Investigation on Mechanism of Microstructure Evolution during Multi-Process Hot Forming of GH4169 Superalloy Forging

• Published in: Materials Vol. 17; no. 7; p. 1697
• Main Authors: Chen, Ming-Song, Cai, Hong-Wei, Lin, Yong-Cheng, Wang, Guan-Qiang, Li, Hong-Bin, Liu, An, Li, Ze-Hao, Peng, Shan
• Format: Journal Article
• Language: English
• Published: Switzerland MDPI AG 07.04.2024
• Subjects: Aging; Alloys; Annealing; Deformation; Dynamic recrystallization; Evolution; Forging; Forgings; Grain boundaries; Grain size; Heat treatment; High temperature; Hot forming; Hot working; Microstructure; Misalignment; Nickel alloys; Nickel base alloys; Nucleation; Predeformation; Scanning electron microscopy; Strain distribution; Superalloys; Temperature; United States > US; GH4169 superalloy; δ phase; dynamic recrystallization nucleation; multi-process hot forming
• ISSN: 1996-1944; 1996-1944
• DOI: 10.3390/ma17071697

Typically, in the manufacturing of GH4169 superalloy forgings, the multi-process hot forming that consists of pre-deformation, heat treatment and final deformation is required. This study focuses on the microstructural evolution throughout hot working processes. Considering that δ phase can promote nucleation and limit the growth of grains, a process route was designed, including pre-deformation, aging treatment (AT) to precipitate sufficient δ phases, high temperature holding (HTH) to uniformly heat the forging, and final deformation. The results show that the uneven strain distribution after pre-deformation has a significant impact on the subsequent refinement of the grain microstructure due to the complex coupling relationship between the evolution of the δ phase and recrystallization behavior.
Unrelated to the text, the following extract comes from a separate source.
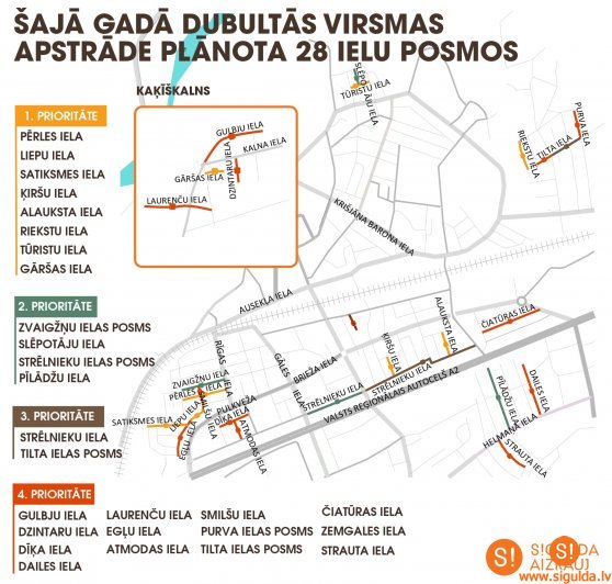 Iestājoties labvēlīgiem laikapstākļiem, norisinās 28 ielu posmu sagatavošana dubultās virsmas apstrādes darbiem. Apauguma noņemšana jau veikta pirmo trīs prioritāšu ielām, un šķembu kārta, kā arī dubultās virsmas kārta tuvākajā laikā tiks ieklāta Ķiršu un Alauksta ielā, kā arī Strēlnieku ielas posmā no Gāles līdz Rūdolfa Blaumaņa ielai. Pārējās ielās notiek secīgi darbi, tostarp ielu apauguma noņemšana 4. prioritātes ielās, kā arī notiek aku remonts un līmeņošana. Dubultās virsmas apstrādes darbus konkursa kārtībā veic būvuzņēmējs SIA “Strauteks”. Uzņēmums paralēli šiem darbiem veic arī bruģa klājuma remontdarbus Siguldas stacijas laukuma strūklakas zonā. Tuvākajās dienās plānots atjaunot bruģa segumu un strūklaka varēs priecēt visus novada iedzīvotājus.

After the final deformation, the fine-grain microstructure with short rod-like δ phases as boundaries is easy to form in the region with a large strain of the pre-forging. However, necklace-like mixed grain microstructure is formed in the region with a small strain of the pre-forging. In addition, when the microstructure before final deformation consists of mixed grains, dynamic recrystallization (DRX) nucleation behavior preferentially depends on kernel average misorientation (KAM) values. A large KAM can promote the formation of DRX nuclei. When the KAM values are close, a smaller average grain size of mixed-grain microstructure is more conductive to promote the DRX nucleation. Finally, the interaction mechanisms between δ phase and DRX nucleation are revealed.